WORK INSTRUCTIONS
Using the data below, return word for word every line from the one holding "此次大学生文化艺术节包括两大" down to the one holding "Phân tích thị". Leave pictures out.

GIVEN RECORDS
★ ★ ★ ★ ★ ★ ★

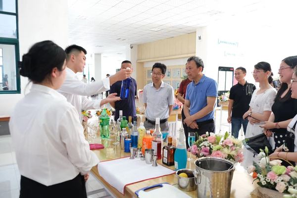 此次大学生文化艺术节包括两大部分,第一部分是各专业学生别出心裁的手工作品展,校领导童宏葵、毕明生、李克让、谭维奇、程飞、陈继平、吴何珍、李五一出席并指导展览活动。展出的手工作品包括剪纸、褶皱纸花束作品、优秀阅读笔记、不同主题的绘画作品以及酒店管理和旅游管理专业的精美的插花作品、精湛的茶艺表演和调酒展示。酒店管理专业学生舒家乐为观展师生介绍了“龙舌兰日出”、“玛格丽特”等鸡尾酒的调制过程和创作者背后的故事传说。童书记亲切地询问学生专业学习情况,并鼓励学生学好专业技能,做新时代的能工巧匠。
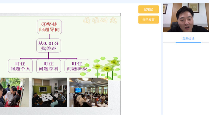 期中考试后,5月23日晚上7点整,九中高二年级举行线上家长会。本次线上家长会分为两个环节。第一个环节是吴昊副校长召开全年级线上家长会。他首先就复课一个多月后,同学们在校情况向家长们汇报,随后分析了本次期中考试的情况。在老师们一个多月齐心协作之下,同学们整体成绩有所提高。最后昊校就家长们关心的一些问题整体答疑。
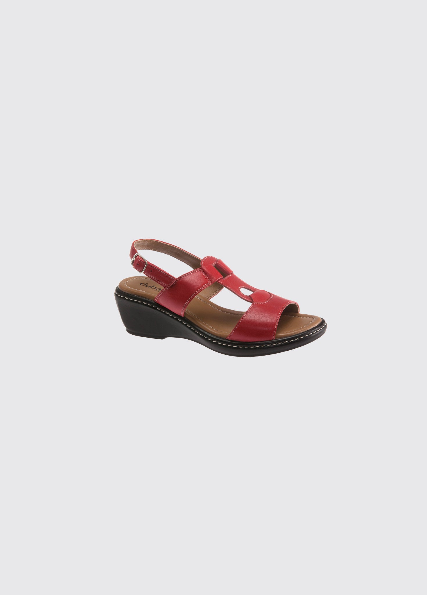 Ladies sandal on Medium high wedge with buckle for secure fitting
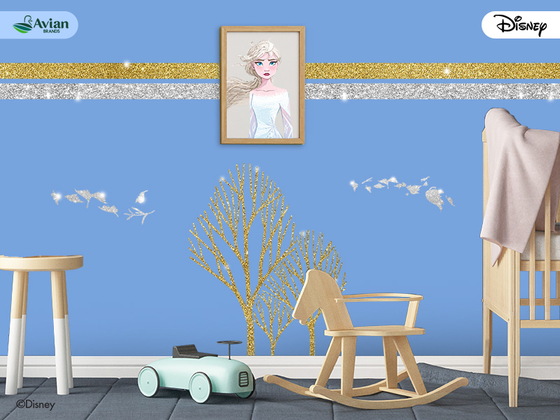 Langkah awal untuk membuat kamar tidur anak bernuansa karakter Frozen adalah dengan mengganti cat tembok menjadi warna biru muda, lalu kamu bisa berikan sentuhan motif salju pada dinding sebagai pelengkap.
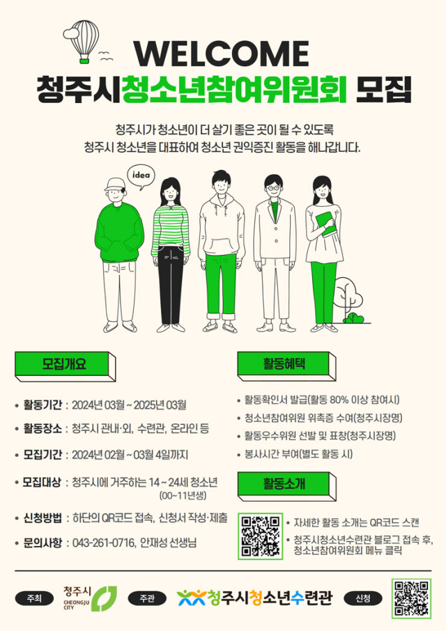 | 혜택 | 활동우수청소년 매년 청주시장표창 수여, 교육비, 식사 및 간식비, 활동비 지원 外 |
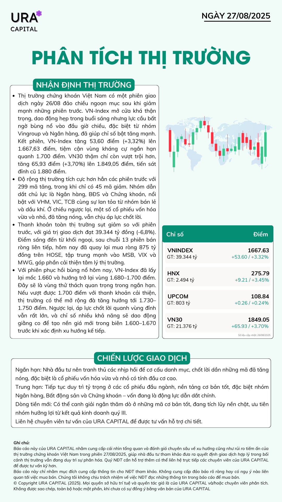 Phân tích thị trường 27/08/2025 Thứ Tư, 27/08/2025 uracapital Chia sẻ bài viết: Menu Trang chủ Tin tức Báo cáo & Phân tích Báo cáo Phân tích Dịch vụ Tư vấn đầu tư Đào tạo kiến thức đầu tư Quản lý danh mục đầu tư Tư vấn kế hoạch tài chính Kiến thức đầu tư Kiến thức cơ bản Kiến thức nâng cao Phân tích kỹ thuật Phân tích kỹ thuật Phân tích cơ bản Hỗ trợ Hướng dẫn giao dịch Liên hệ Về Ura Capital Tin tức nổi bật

★ ★ ★ ★ ★ ★ ★

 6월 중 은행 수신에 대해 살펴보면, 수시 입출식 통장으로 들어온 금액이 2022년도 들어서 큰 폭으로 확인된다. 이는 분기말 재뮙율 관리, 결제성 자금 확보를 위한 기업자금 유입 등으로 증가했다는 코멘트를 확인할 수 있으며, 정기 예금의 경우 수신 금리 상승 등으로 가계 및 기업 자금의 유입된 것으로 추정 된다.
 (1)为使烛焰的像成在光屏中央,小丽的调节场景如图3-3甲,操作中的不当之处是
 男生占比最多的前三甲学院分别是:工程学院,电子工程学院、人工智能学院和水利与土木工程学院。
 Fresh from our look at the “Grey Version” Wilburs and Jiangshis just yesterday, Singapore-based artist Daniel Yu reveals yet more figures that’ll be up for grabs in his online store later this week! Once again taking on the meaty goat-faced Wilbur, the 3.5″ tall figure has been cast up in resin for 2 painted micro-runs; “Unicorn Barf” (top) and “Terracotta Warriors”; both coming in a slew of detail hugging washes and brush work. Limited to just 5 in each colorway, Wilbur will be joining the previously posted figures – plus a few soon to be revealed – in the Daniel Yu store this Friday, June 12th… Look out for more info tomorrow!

★ ★ ★ ★ ★ ★ ★

YOUR RESPONSE
 此次大学生文化艺术节包括两大部分,第一部分是各专业学生别出心裁的手工作品展,校领导童宏葵、毕明生、李克让、谭维奇、程飞、陈继平、吴何珍、李五一出席并指导展览活动。展出的手工作品包括剪纸、褶皱纸花束作品、优秀阅读笔记、不同主题的绘画作品以及酒店管理和旅游管理专业的精美的插花作品、精湛的茶艺表演和调酒展示。酒店管理专业学生舒家乐为观展师生介绍了“龙舌兰日出”、“玛格丽特”等鸡尾酒的调制过程和创作者背后的故事传说。童书记亲切地询问学生专业学习情况,并鼓励学生学好专业技能,做新时代的能工巧匠。
 期中考试后,5月23日晚上7点整,九中高二年级举行线上家长会。本次线上家长会分为两个环节。第一个环节是吴昊副校长召开全年级线上家长会。他首先就复课一个多月后,同学们在校情况向家长们汇报,随后分析了本次期中考试的情况。在老师们一个多月齐心协作之下,同学们整体成绩有所提高。最后昊校就家长们关心的一些问题整体答疑。
 Ladies sandal on Medium high wedge with buckle for secure fitting
 Langkah awal untuk membuat kamar tidur anak bernuansa karakter Frozen adalah dengan mengganti cat tembok menjadi warna biru muda, lalu kamu bisa berikan sentuhan motif salju pada dinding sebagai pelengkap.
 | 혜택 | 활동우수청소년 매년 청주시장표창 수여, 교육비, 식사 및 간식비, 활동비 지원 外 |
 Phân tích thị trường 27/08/2025 Thứ Tư, 27/08/2025 uracapital Chia sẻ bài viết: Menu Trang chủ Tin tức Báo cáo & Phân tích Báo cáo Phân tích Dịch vụ Tư vấn đầu tư Đào tạo kiến thức đầu tư Quản lý danh mục đầu tư Tư vấn kế hoạch tài chính Kiến thức đầu tư Kiến thức cơ bản Kiến thức nâng cao Phân tích kỹ thuật Phân tích kỹ thuật Phân tích cơ bản Hỗ trợ Hướng dẫn giao dịch Liên hệ Về Ura Capital Tin tức nổi bật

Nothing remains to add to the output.